## TASK ITEM:
Extract, word for word, each line from the line holding "6年生は、卒業式練習に取り組んでいます。" through the end of the records. Omit every picture.

##### EXERCISE INPUT

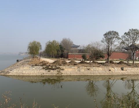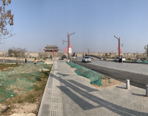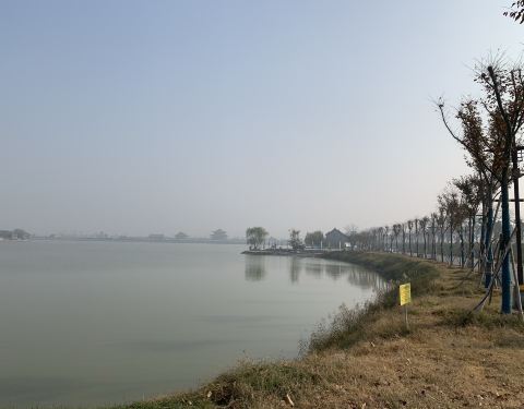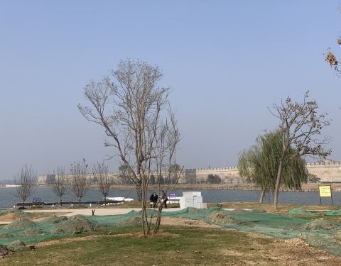 2019/12/9 第一次來到商丘,馬上去看一看古城,坐9號公車在南湖公園下車,但看不見車站牌,外面圍板,但可以進入,進入後看見古城的牌坊,左邊是八關齋,要門票,河的對岸是張巡祠,也要門票,有聯票30元,包括張巡祠、應天書院及南門城樓(東門下來)。 看完前面的兩個景點,返回牌坊處直接走到南門城樓,聯票包括上城樓,因為地方實在太大了,有景區車可乘坐,很多地方還在建設中,一路走向城樓看到兩旁都在忙著種樹,公園還未完全建好。
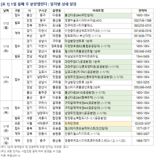 11일 부동산R114에 따르면 1월 둘째주에는 전국 14개 단지 총 7004가구가 공급된다. 이 가운데 일반분양 물량은 1631가구다.
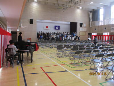 6年生は、卒業式練習に取り組んでいます。
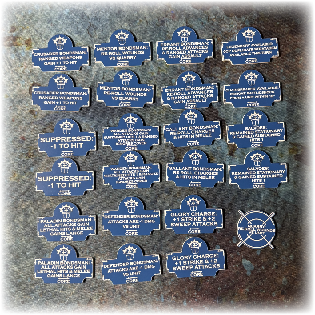 Our Tokens are the perfect solution to keep track of key abilities during your 10th edition games.
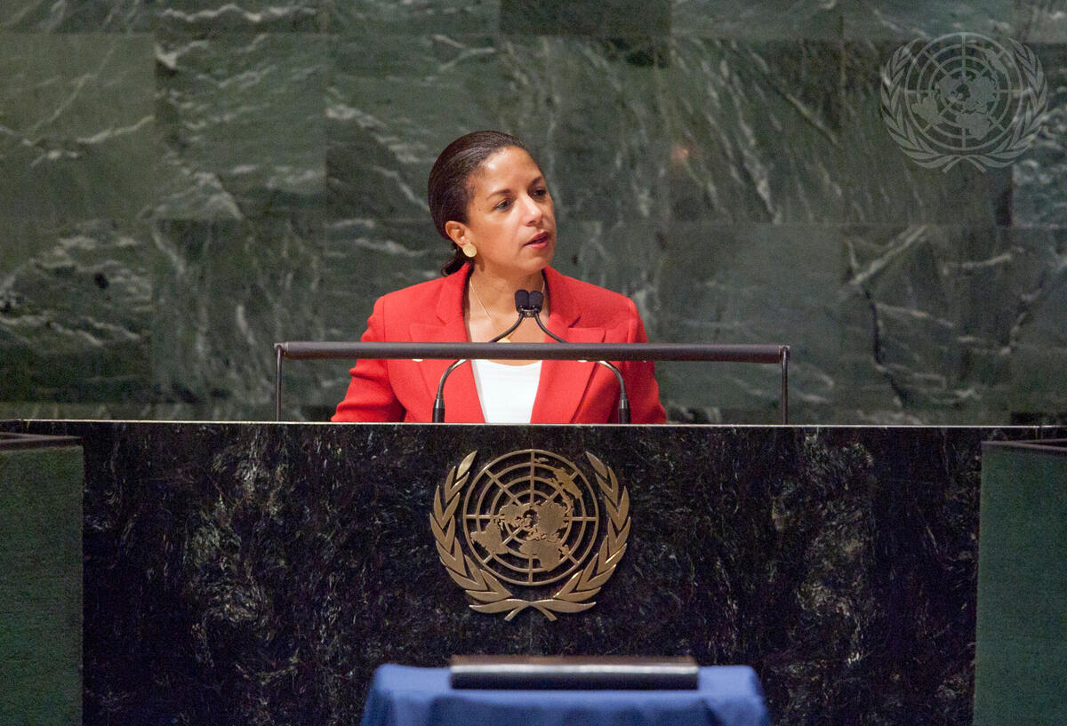 Susan E. Rice, Permanent Representative of the United States of America to the UN, addresses the General Assembly following its re-appointment of Ban Ki-moon as UN Secretary-General. Mr. Ban will serve his second five-year term beginning 1 January 2012.

##########

## SOLVED EXERCISE:
 6年生は、卒業式練習に取り組んでいます。
 Our Tokens are the perfect solution to keep track of key abilities during your 10th edition games.
 Susan E. Rice, Permanent Representative of the United States of America to the UN, addresses the General Assembly following its re-appointment of Ban Ki-moon as UN Secretary-General. Mr. Ban will serve his second five-year term beginning 1 January 2012.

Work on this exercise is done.